The Gulf Stream (GS) is bounded to the north by a strong temperature front known as the North Wall (NW). The NW’s dominant mode of interannual variability is a longitudinally coherent north–south migration. Fluctuations in NW position have important consequences for regional climate because the GS transports considerable heat from the ocean at low latitudes to the atmosphere at high latitudes. Numerous studies have shown that the NW’s latitude is correlated with the North Atlantic Oscillation (NAO), with the NW north of its mean position when the NAO is anomalously strong. Baroclinic Rossby waves are commonly invoked as the mechanism linking the NAO to the NW. The long crossing time of baroclinic Rossby waves (4–9 years) compared to the reported lag between NAO anomalies and NW shifts (0–2 years), suggests that this explanation will only work if the Rossby waves originate very close to the GS.

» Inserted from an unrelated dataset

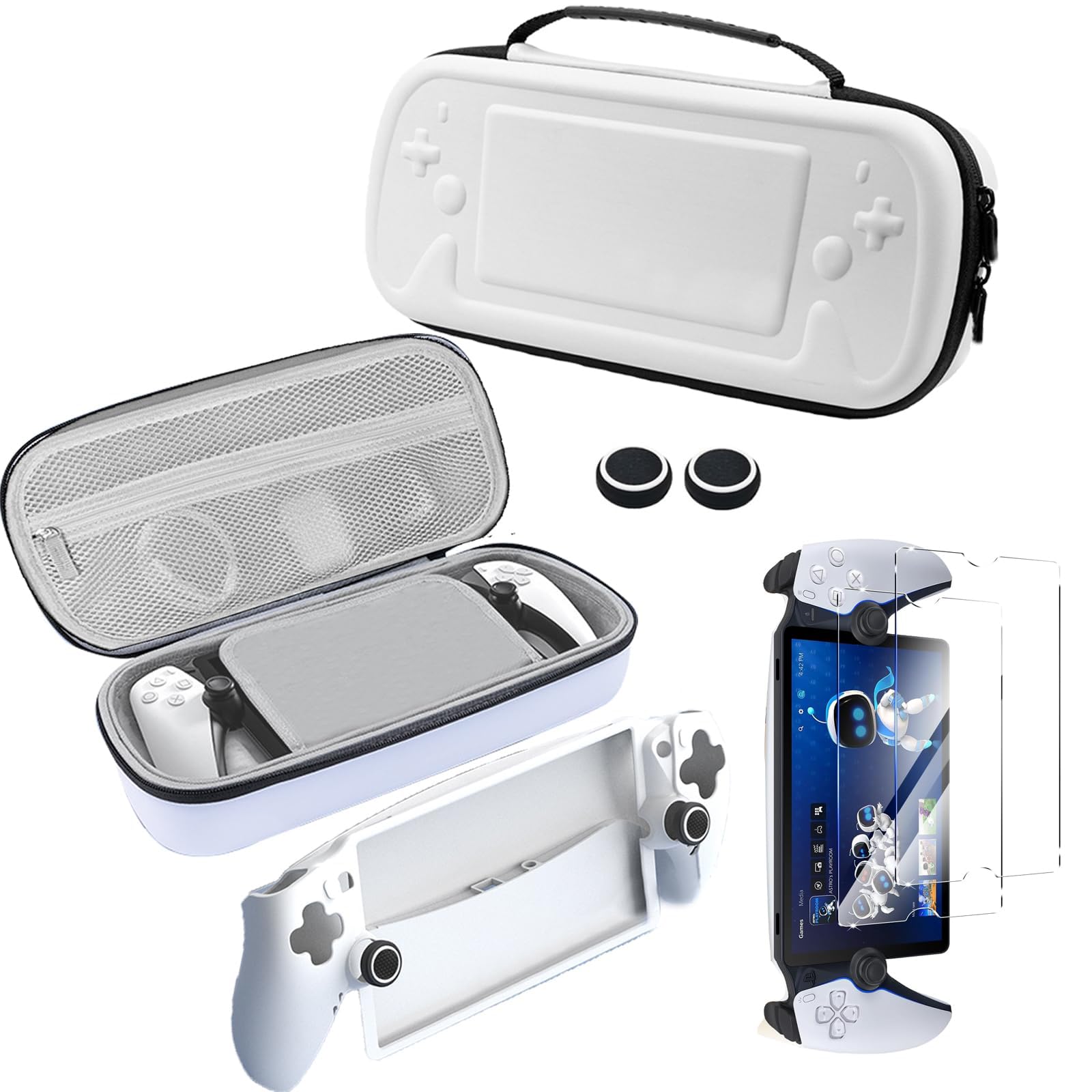 【新登場-4in1】PS Portal 用収納ケース 収納バッグ+PS Portal 用保護カバー+PS Portal 用リモートプレーヤー 用ガラスフィルム用 2枚入りTomistan- 日本硝子素材 9H 硬度 全透明 傷つけ防止 ハード耐衝撃 傷つけ防止 防塵 持ち運び便利 プレイステーションポータブル リモートプレーヤー用 収納ボックス バッグ (白)

The sensitivity of NW latitude to atmospheric forcing is examined in the ECCOv4(r2) ocean state estimate using adjoint and forward perturbation experiments. While the seasonal cycle of NW latitude is largely driven by buoyancy forcing (primarily heat flux) over and upstream of the GS Extension, interannual variability is primarily sensitive to wind stress curl anomalies due to zonal wind perturbations. Consistent with previous ideas about Rossby waves linking the NAO and the NW, the sensitivity pathways are organized into beams of westward-propagating Rossby waves. However, a dynamical reconstruction of NW variability reveals that the NAO typically projects incoherently onto the sensitivity pathways over most of the Atlantic; that is, different regions contribute opposing tendencies to NW latitude. Any small net tendency remaining propagates toward the GS so slowly that it is often canceled by opposing NAO variability in subsequent years. The area southeast of Newfoundland, near the extreme eastern edge of the GS, is a notable exception—wind stress curl anomalies produced there propagate rapidly up the GS, affecting the entire NW within 0–2 years. While most previous studies overlooked this region due to the relatively small projection of the NAO loading pattern, we show that anomalies located there are the only ones capable of producing a coherent and statistically significant response in the latitude of the NW.